Tarih bazen yalnızca geçmişte değil, bugünün içinde de yaşamaya devam eder. Kitaplardan okuyup etkilendiğimiz, uzak çağlara ait sandığımız o değerler; bir gün bir ilçede, bir çiftten yansıyarak karşımıza çıkıverir. Antalya’nın serin yaylası, mantar diyarı Korkuteli’nde tanıklık ettiğim durum tam da buydu.
Antalya Gazeteciler Cemiyeti (AGC) ve ANTİAD’ın “Yerel Değerlerimize Sahip Çıkıyoruz” temasıyla düzenlediği Korkuteli gezisine katıldım. Gezi, sadece coğrafi değil, aynı zamanda tarihsel ve duygusal bir yolculuğa dönüştü benim için. Çünkü orada tanıdığım iki isim, geçmişin yönetim ruhunu günümüze taşıyordu: Belediye Başkanı Saniye Caran ve eşi Hasan Can Caran.
2024 yerel seçimlerinde Hasan Can Caran Milliyetçi Hareket Partisi’nden aday olmuş, ancak çeşitli nedenlerle yarıştan çekilmişti. Yerine eşi Saniye Caran Cumhuriyet Halk Partisi’nden aday gösterildi ve halkın teveccühüyle belediye başkanlığına seçildi. Kendisi yalnızca Antalya’nın değil, Türkiye’nin de en genç belediye başkanları arasında.
Ancak Saniye Başkan bu görev de yalnız yürümüyor. Eşi Hasan Can Caran neredeyse onun sağ kolu. Program boyunca her detaya özen göstermeleri, ziyaretçilere karşı sergiledikleri nezaket, sakinlikleri ve ahenkleri beni yıllar öncesine, Göktürkler dönemine götürdü. Hani o Hakan ile Hatun’un birlikte devleti yönettiği, kadın ve erkeğin söz sahibi olduğu o asil zamanlara…
Korkuteli’nin yönetiminde tıpkı o dönemlerdeki gibi bir uyum var. Birbirinin önüne geçmeye çalışan değil, birbirini tamamlayan bir çift gördüm. Saniye Başkan’ı gölgede bırakmaya çalışan bir eş değil; onu destekleyen, onunla birlikte ilçenin geleceğini inşa etmeye çalışan bir yol arkadaşı. Ve bu tablo, özellikle içinde bulunduğumuz çağda kadının görünürlüğünü yok saymaya çalışanlara karşı verilmiş en zarif cevaptı.
Kimi kulislerde belediyeyi asıl yönetenin Hasan Can Caran olduğu söylense de, ben gördüm ki bu iki genç ve çalışkan insan arasında derin bir saygı, samimiyet ve eşitlik var.
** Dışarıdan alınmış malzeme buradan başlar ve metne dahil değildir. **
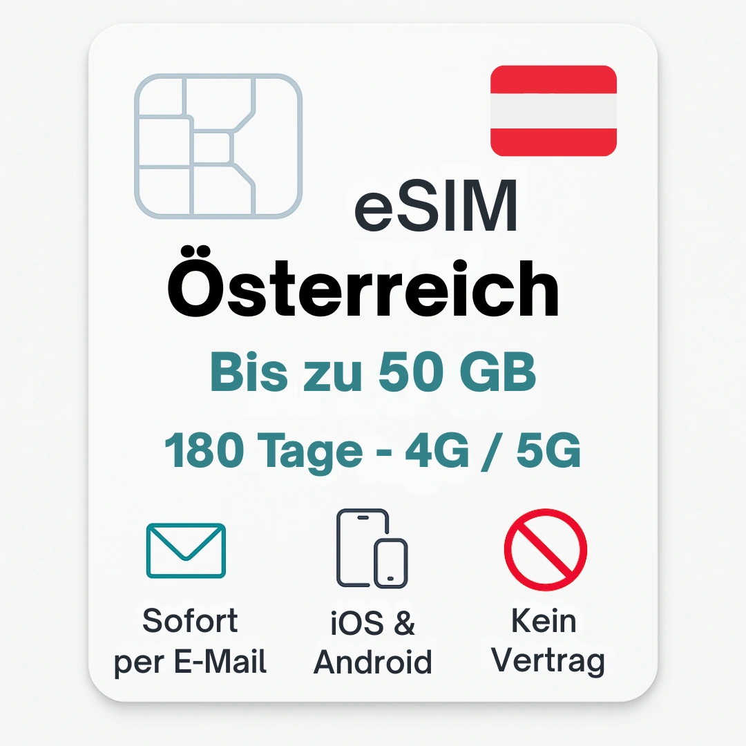 Bleib auf deiner Reise in Österreich jederzeit online – ob in Wien, Salzburg, Innsbruck oder unterwegs in den Alpen.

Görev dağılımı değil, görev birliği var.
Bu nedenle onları yürekten kutluyorum. Umuyorum ki bu uyumları, bu duruşları hep aynı zarafetle sürer. Korkuteli halkının bu denli memnuniyet içinde olması, bu çiftin yönetime taşıdığı “birlik ruhu”ndan ileri geliyor olmalı. Çünkü güçlü bir kadının yanında duran bir adam, en az onun kadar güçlüdür. Ve bunu bize gösterdikleri için, geçmişten ilham alarak bugünü inşa ettikleri için teşekkür ediyorum.
Korkuteli’nde sadece doğa değil, insan da içimizi serinletti.